From: Al Viro <viro@zeniv.linux.org.uk>
To: Bernd Schubert <bschubert@ddn.com>
Cc: linux-fsdevel@vger.kernel.org, bernd.schubert@fastmail.fm,
miklos@szeredi.hu, dsingh@ddn.com,
Christian Brauner <brauner@kernel.org>,
Amir Goldstein <amir73il@gmail.com>
Subject: Re: [PATCH v10 4/8] [RFC] Allow atomic_open() on positive dentry (w/o O_CREAT)
Date: Sat, 28 Oct 2023 05:46:46 +0100 [thread overview]
Message-ID: <20231028044646.GS800259@ZenIV> (raw)

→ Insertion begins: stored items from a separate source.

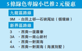 該5條服務深水及西貢區的路線(見表)由兩個營辦商營運。整個優惠計劃將包括501條綠色專線小巴路線,共涉及156個營辦商,分別覆蓋全港約97%的綠色專線小巴路線及約98%的營辦商。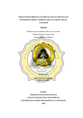 MEING, DEA DANAICA (2024) PERAN POLISI SIBER DALAM MENCEGAH DAN MENANGANI PENYEBARAN BERITA BOHONG MELALUI MEDIA SOSIAL FACEBOOK. S1 thesis, UNIVERSITAS KATOLIK SOEGIJAPRANATA.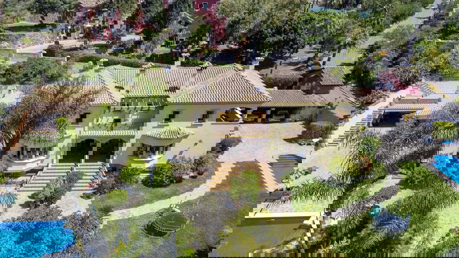 With a living area of 887 square metres, there is plenty of space for family living and entertaining. The spacious living rooms offer panoramic views of the gardens, orchards and surrounding mountains, creating an atmosphere of serenity and relaxation. The property sits on a generous plot of 2,909 square metres, which includes beautifully landscaped gardens, outdoor seating areas and two magnificent swimming pools, equipped with separate shower and toilet, perfect for cooling off on warm summer days.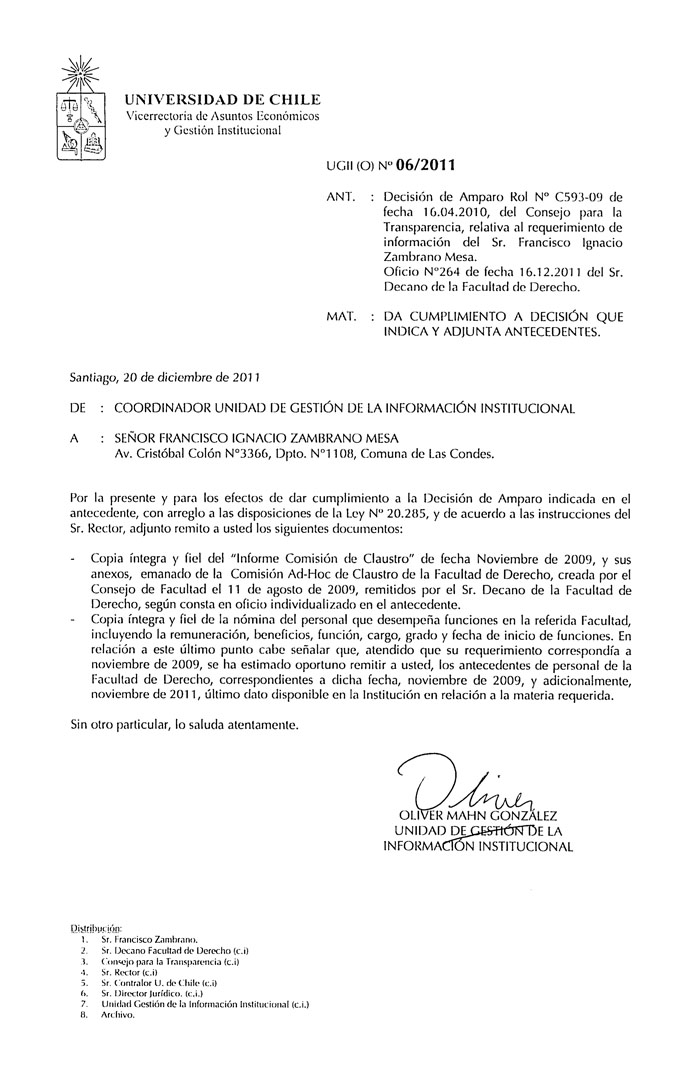 Como es de público conocimiento, ya se impartieron las instrucciones pertinentes para que, dentro de los plazos establecidos y a la brevedad posible, la Universidad de Chile complemente la información publicada en el sitio web institucional relativa a transparencia activa, en los términos señalados en el artículo 7° de la Ley N° 20.285, especialmente los antecedentes relativos a la planta del personal y el personal a contrata y a honorarios, con las correspondientes remuneraciones.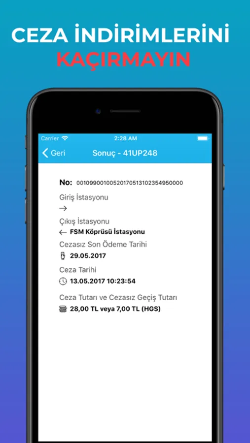 Karayollarında olan HGS, OGS, Avrasya ve Köprü geçişlerindeki cezalarınızı sorgulayabilir ve indirimlerinizi görüntüleyebilirsiniz. Sistem direk olarak karayollarından veriyi almakta ve olduğu gibi göstermekte.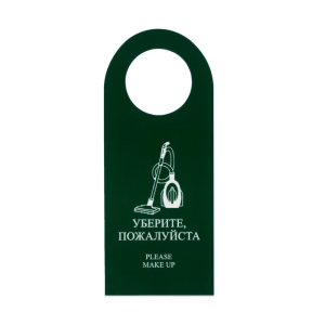 Երկկողմանի դռան բռնակի «Խնդրում ենք չխանգարել / Խնդրում ենք մաքրել» ցուցանակ՝ պատրաստված լամինացված ստվարաթղթից: Չափսը՝ 190x90 մմ, անցքի տրամագիծը՝ 50 մմ: Ստվարաթղթի հաստությունը՝ 1 մմ: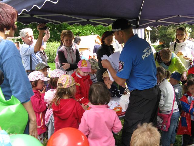 velmi rušno bylo i ve stánku, kde strážníci zkoušeli děti z dopravních předpisů a ty nadšeně vykřikovaly správné odpovědi: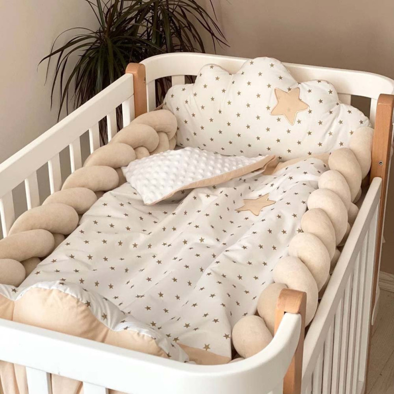 Комплект постільної білизни із 4 предметів (бортики, плед-конверт з ковдрою, простирадло), 100% бавовна.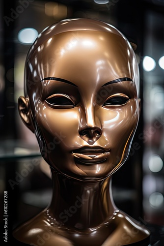 Golden mannequin head of a female model in sepia tone, with shiny and captivating eyes. Generative AI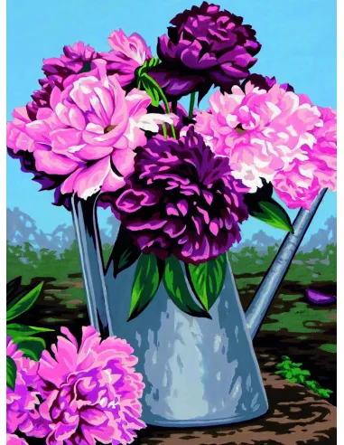 Canevas : 40x50 cm, Arrosoir aux pivoines -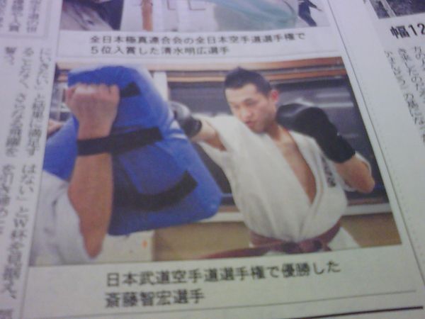 で、娘さんのご主人です。先日も書きましたが「空手日本一!!」ですよー。凄いです。本当に新聞に掲載されましたぁ。良かったです。改めておめでとうございました。しかし、この日、妻である娘さんは掲載紙を見ていません。お友達からメールで載ったことを知らされたらしく、コンビニから新聞を買ってきたのでしたが、この日の新聞かどうかまでは情報になく・・・。でも、いい話です。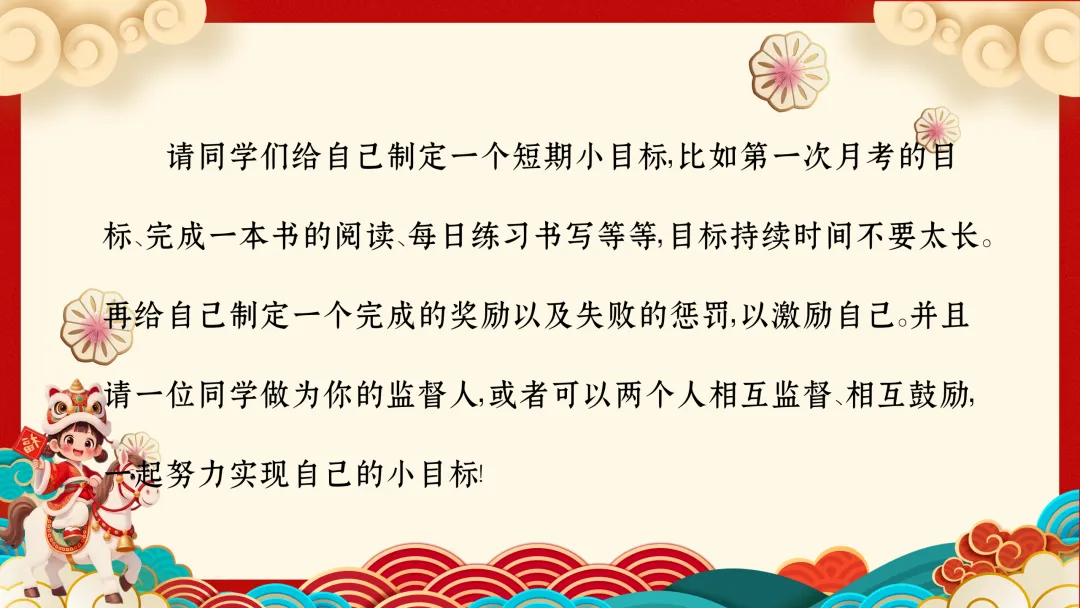亲爱的同学们,大家好呀!新学期的航程又开始啦!新学期,新起点,新气象,希望同学们能信心百倍地投入学习、生活中,老师将陪伴在你们左右,让我们去迎接新的挑战,创造更团结友爱的班级吧!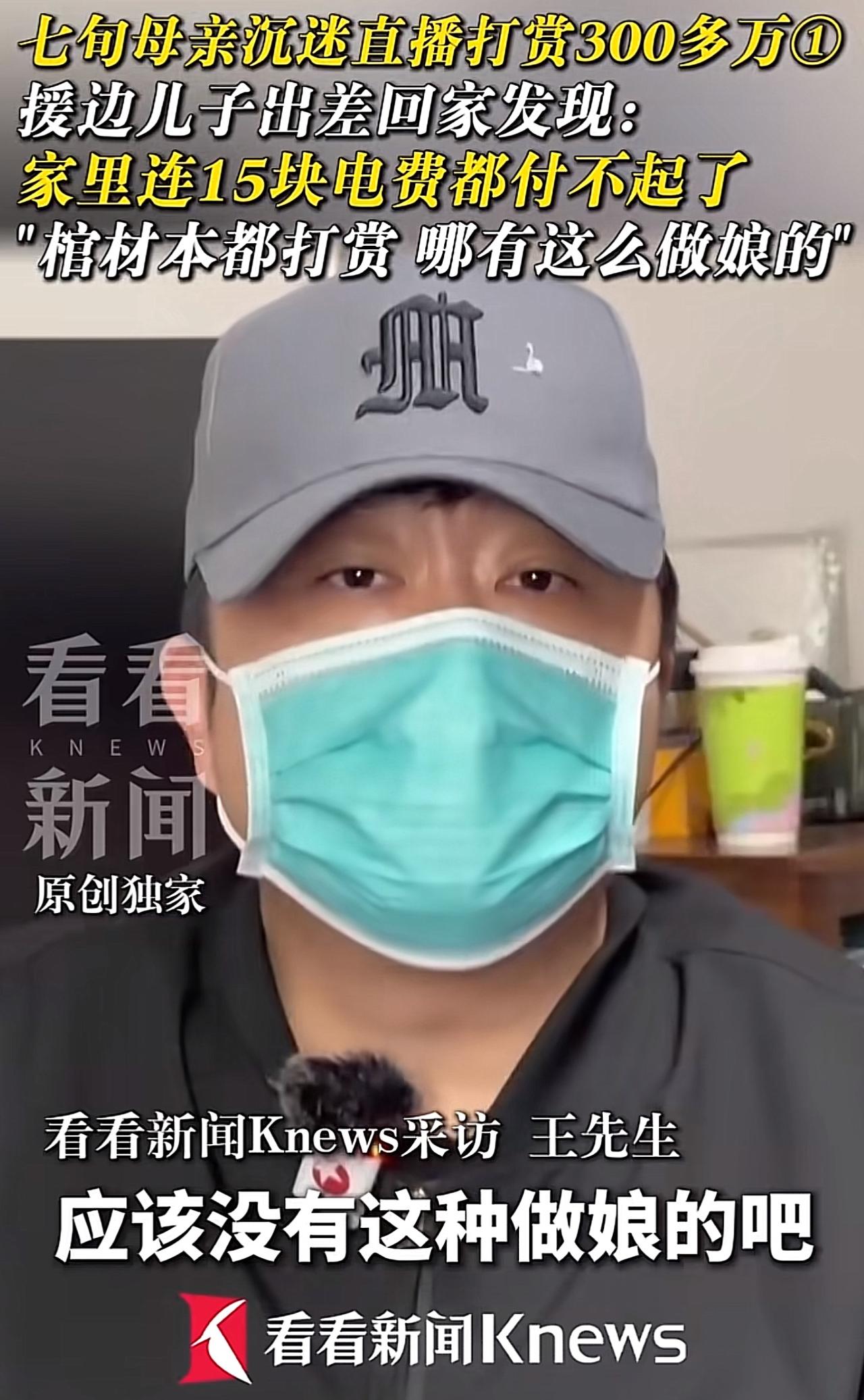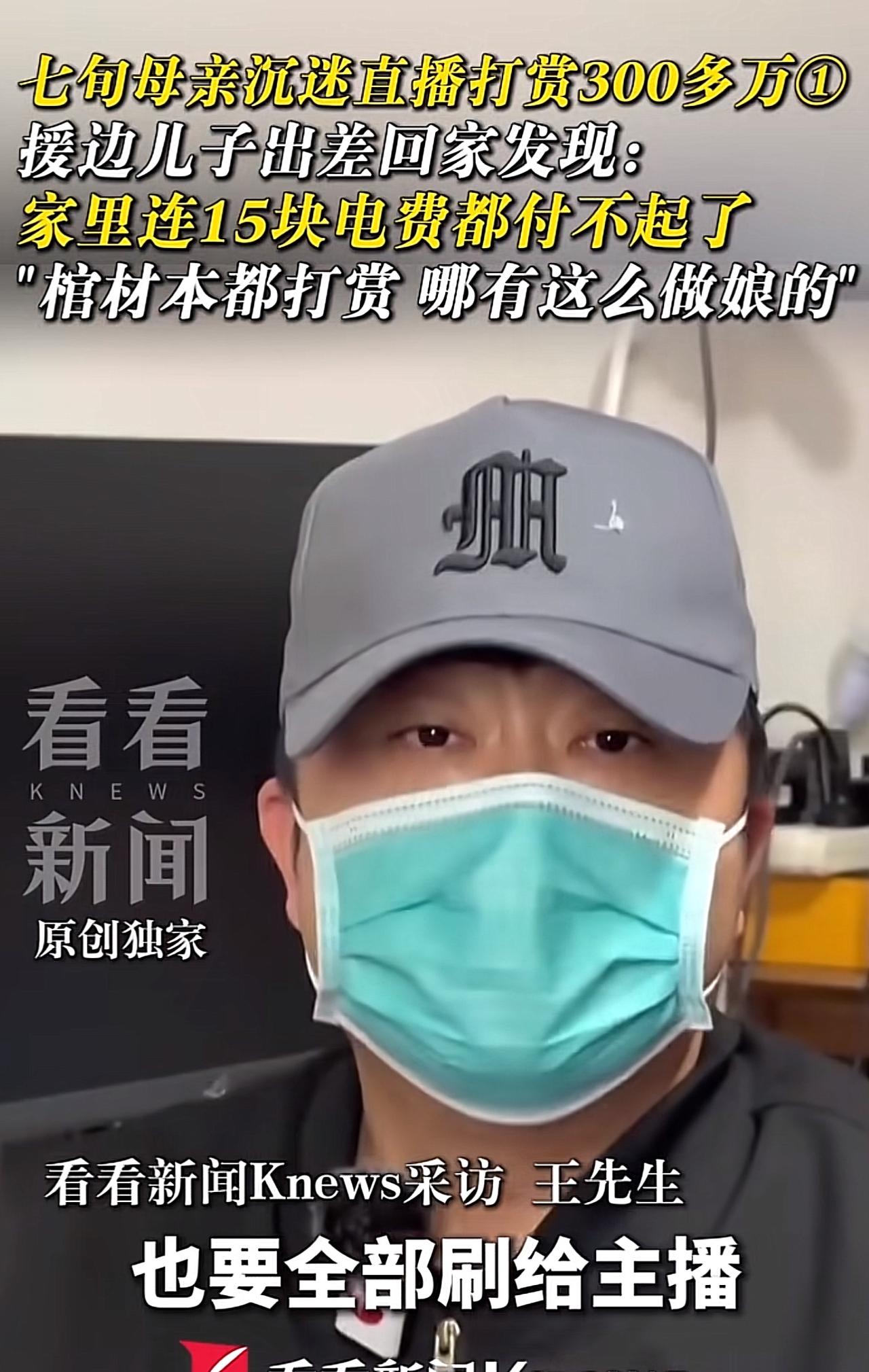 七旬老太也疯狂,300多万打赏主播。可我们该指责还是心疼呢? 七旬母亲,把一辈子攒下的300多万退休金,全打赏给了素未谋面的主播。援边的儿子出差回家,才发现家里连15块电费都付不起,崩溃到质问:“哪有这么做娘的?棺材本都给打赏了!” 儿子的愤怒,我们完全能理解。300多万,是养老钱,是救命钱,就这样被轻易挥霍,换谁都心疼。 可冷静下来想想,她真的是“糊涂”吗? 她连主播长什么样都不知道,却愿意倾其所有。图的哪里是那些虚拟礼物?不过是直播间里,主播一声声甜腻的“阿姨”,一句句贴心的安慰,填补了空巢老人的寂寞。 我们许多家庭都是子女为了生活,奔赴远方,老人在老家独守空房。日子久了,孤独像潮水一样涌来。而手机里的直播间,成了他们唯一能听到声音、感受到“被重视”的地方。 那300万打出去的,不是钱,是她渴望被看见、被陪伴的心。也许我们做儿女的应该反思一下,怎么样才能让老人老得其所,老得其乐,让他们生活得更加充实。 其实无论是老人,还是我们中年人,还是孩子,更多的时候是因为无聊才拿起手机,才浏览网络。如果生活安排的满满的,谁又愿意在虚拟世界里寻找安慰。 所以我们看到的不能只是一个老人打赏的问题。而是一个让老人怎么安度晚年的问题。 你身边有类似的情况吗?对于老人沉迷直播打赏,你怎么看?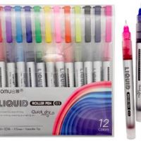Ручки роллер набор 12цв. DP-169 0,5мм, игольчатый стержень, круглый серый корпус, в уп ПВХ H-1014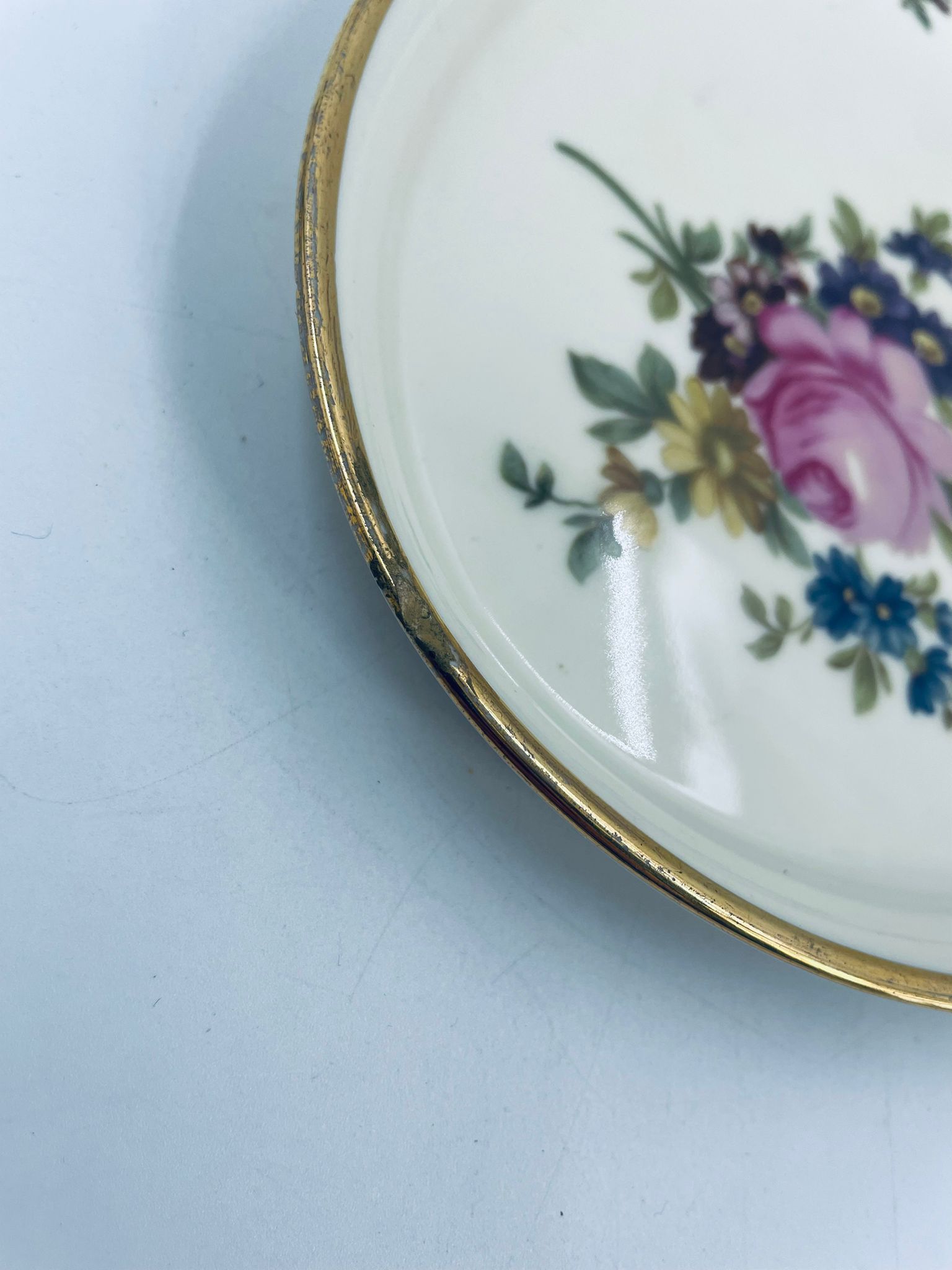 Porcelanowa patera manufaktury kobenhavns porcellains maleri KPM. Lata 50te. Porcelana w kolorze ecru z motywem kwiatowym, wykończona złoceniami na obramowaniu. Delikatny uszczerbek na rancie patery.

In-Reply-To: <20231023183035.11035-5-bschubert@ddn.com>
On Mon, Oct 23, 2023 at 08:30:31PM +0200, Bernd Schubert wrote:
> Previous patch allowed atomic-open on a positive dentry when
> O_CREAT was set (in lookup_open). This adds in atomic-open
> when O_CREAT is not set.
>
> Code wise it would be possible to just drop the dentry in
> open_last_lookups and then fall through to lookup_open.
> But then this would add some overhead for dentry drop,
> re-lookup and actually also call into d_revalidate.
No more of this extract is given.